MONTREAL – The Canadian government decided late last week to end work stoppages at two of Canada's largest railways, avoiding a disruption that could have caused major supply problems in Canada and the United States.
The Canadian National and CPKC rail companies locked out about 9,300 workers last Thursday after negotiations on a new collective agreement failed to produce an agreement. The rail companies were closed for about a day before the government forced arbitration.
The workers returned to their jobs, but the Teamsters union appealed the government's decision to Canada's Industrial Relations Board. That decision was upheld Saturday. The union plans to comply with the decision but will appeal again, this time in Canadian federal court, according to Freightwaves.
“This CIRB decision sets a dangerous precedent,” said Paul Boucher, president of the Teamsters Canada Rail Conference, in a statement. “It sends a message to Canadian business that all large companies have to do is shut down operations for a few hours and cause short-term economic damage, and the federal government will step in to bust a union. Canadian workers' rights were significantly curtailed today.”
Both railway companies expressed satisfaction with the ruling, which, according to CKPC, “ends months of unnecessary uncertainty and disruption”.
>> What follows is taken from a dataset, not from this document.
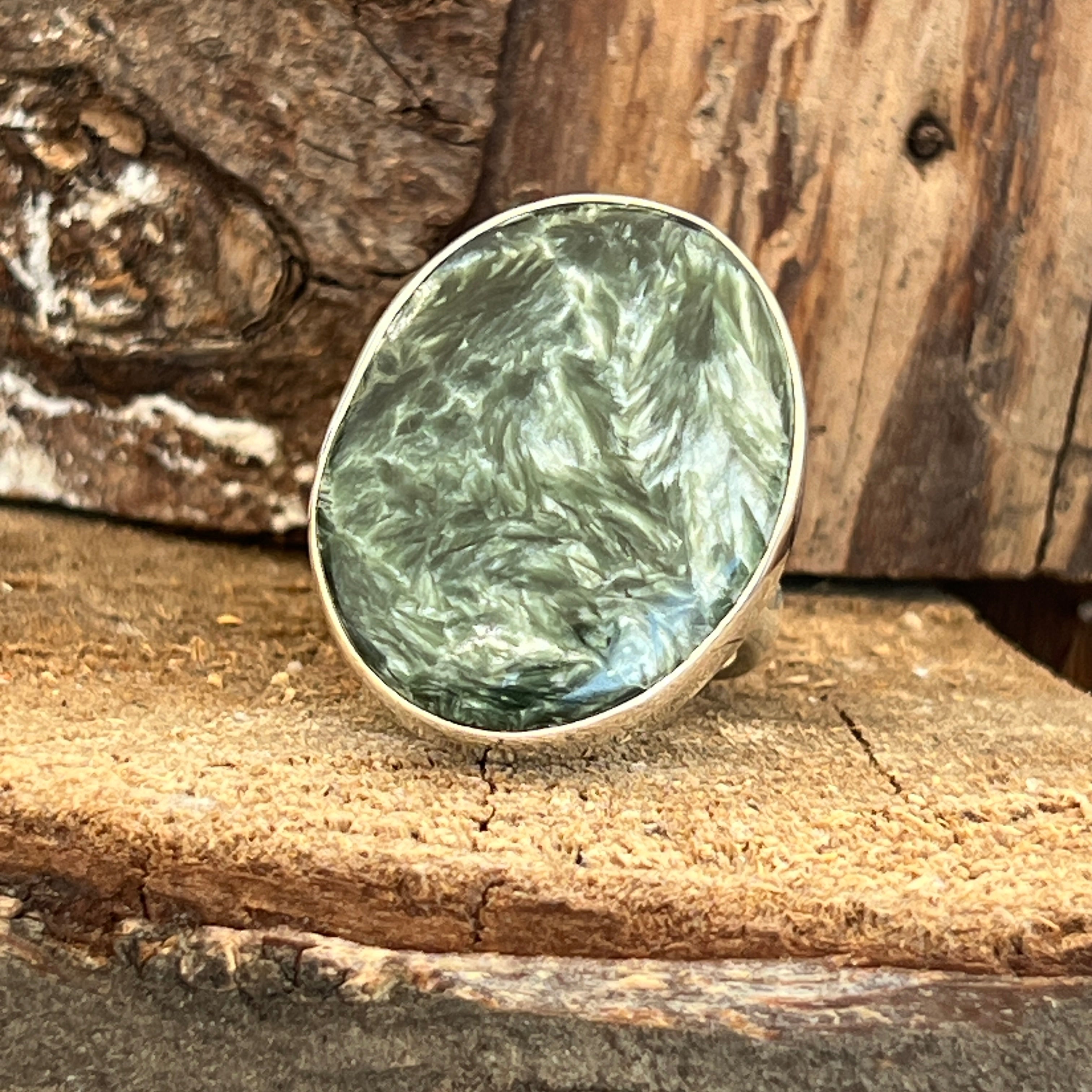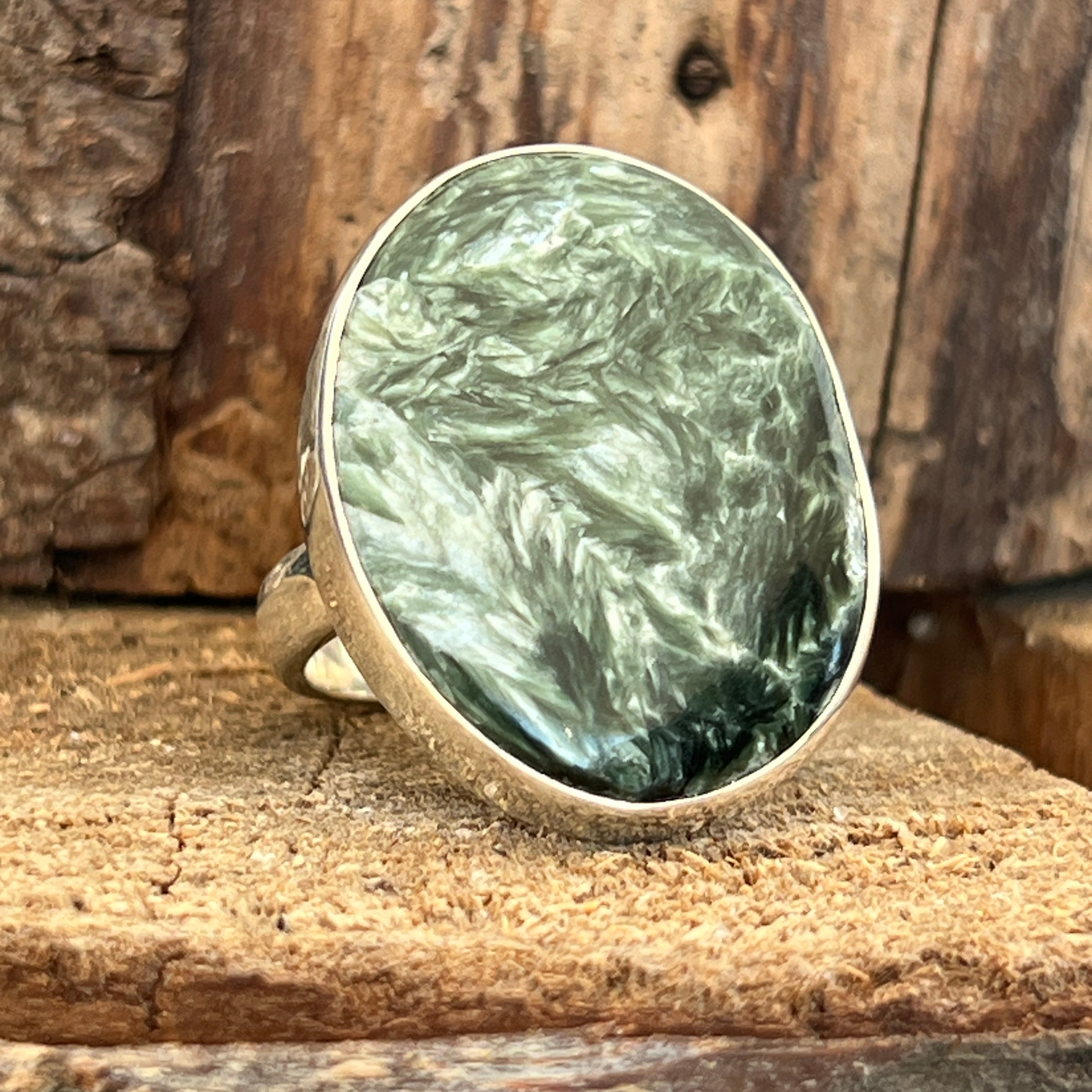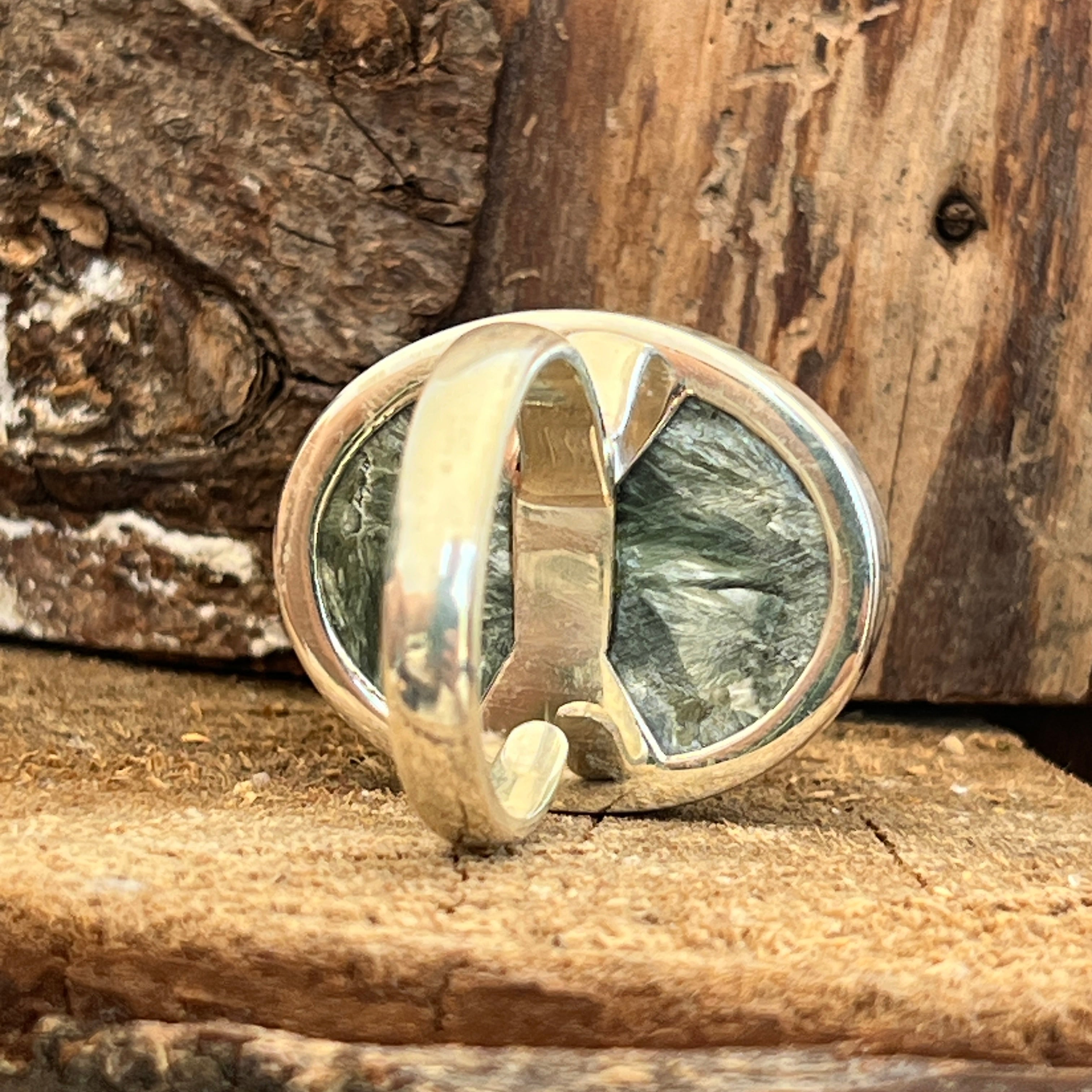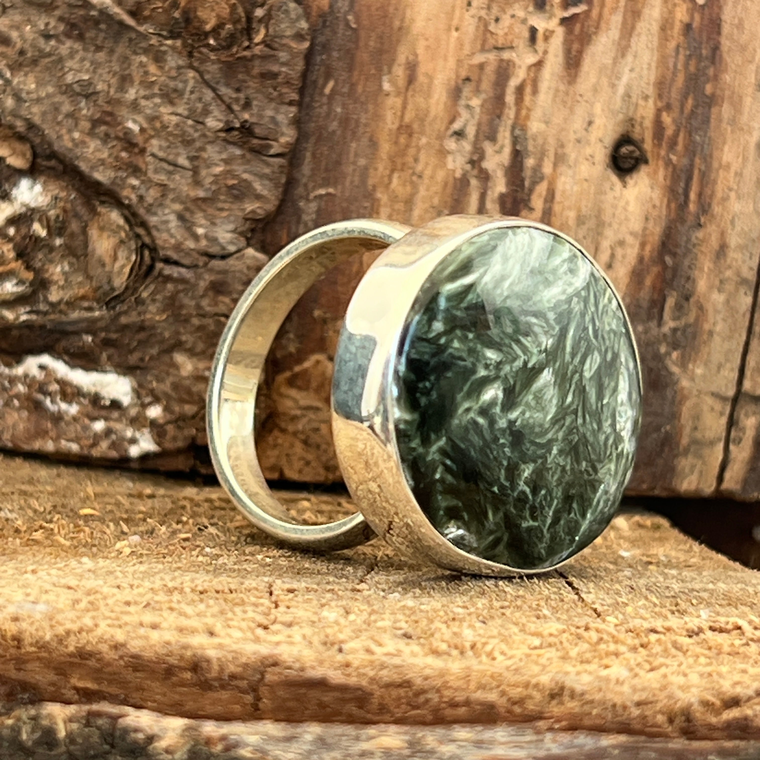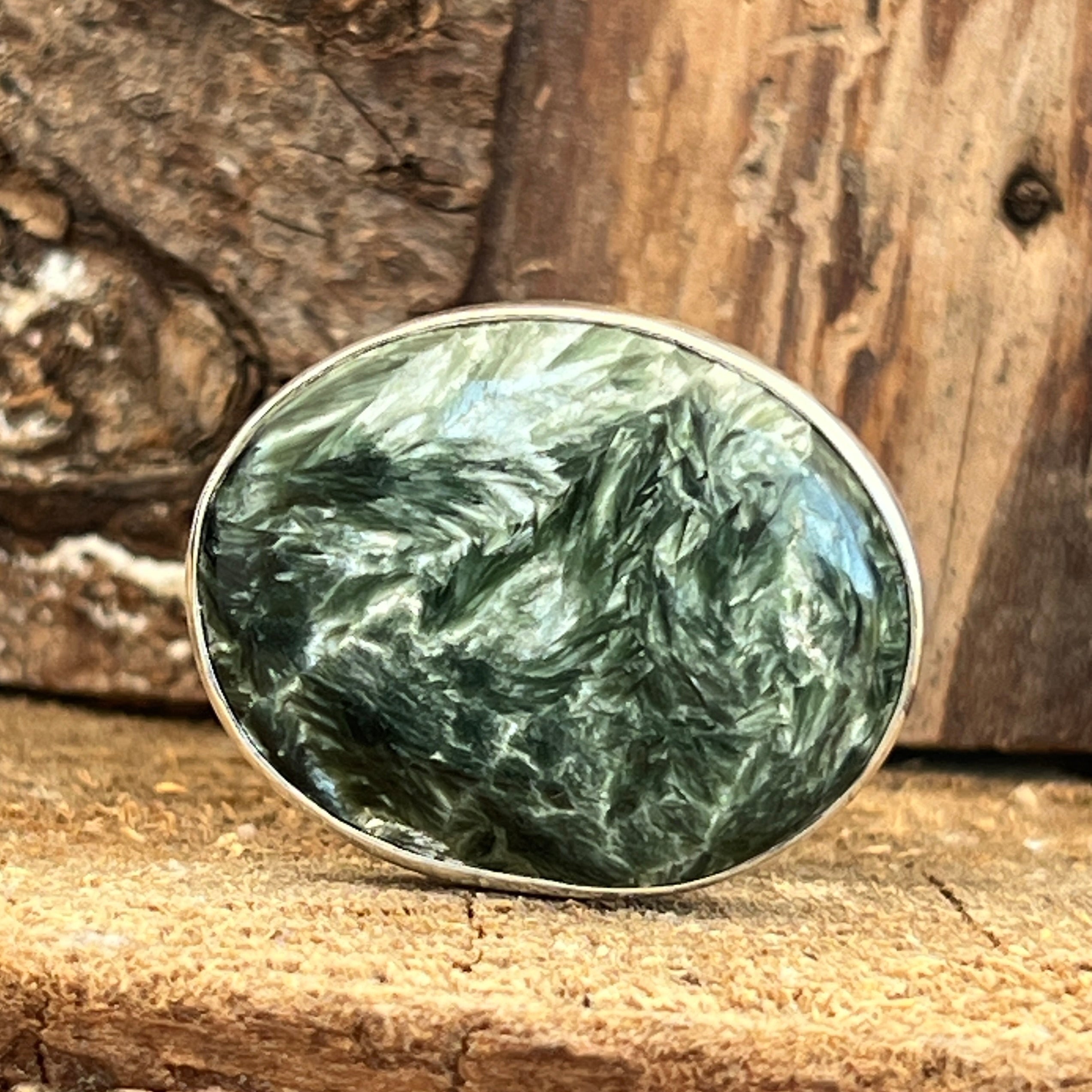 Серафинитът се отличава със своите нежни зелени нюанси, хармонично съчетани със сребристи или бели ивици, които напомнят на крилата на ангел. Тази комбинация от цветове и естествени модели създава деликатен и очарователен вид в бижутата. Серафинитът често се свързва с ангелски и духовни енергии, като се счита за камък на светлината и божествената любов.

As a strike loomed last week, the Canadian and U.S. Chambers of Commerce said that “a suspension of rail service would have devastating consequences for Canadian businesses and families and a significant impact on the U.S. economy.”
So it seems that this strike has been averted, at least for now. That leaves one major strike that could still happen this year. About 85,000 longshoremen on the East and Gulf Coasts could go on strike if collective bargaining does not result in an agreement by September 30. As of mid-August, a successful negotiation is still a long way off.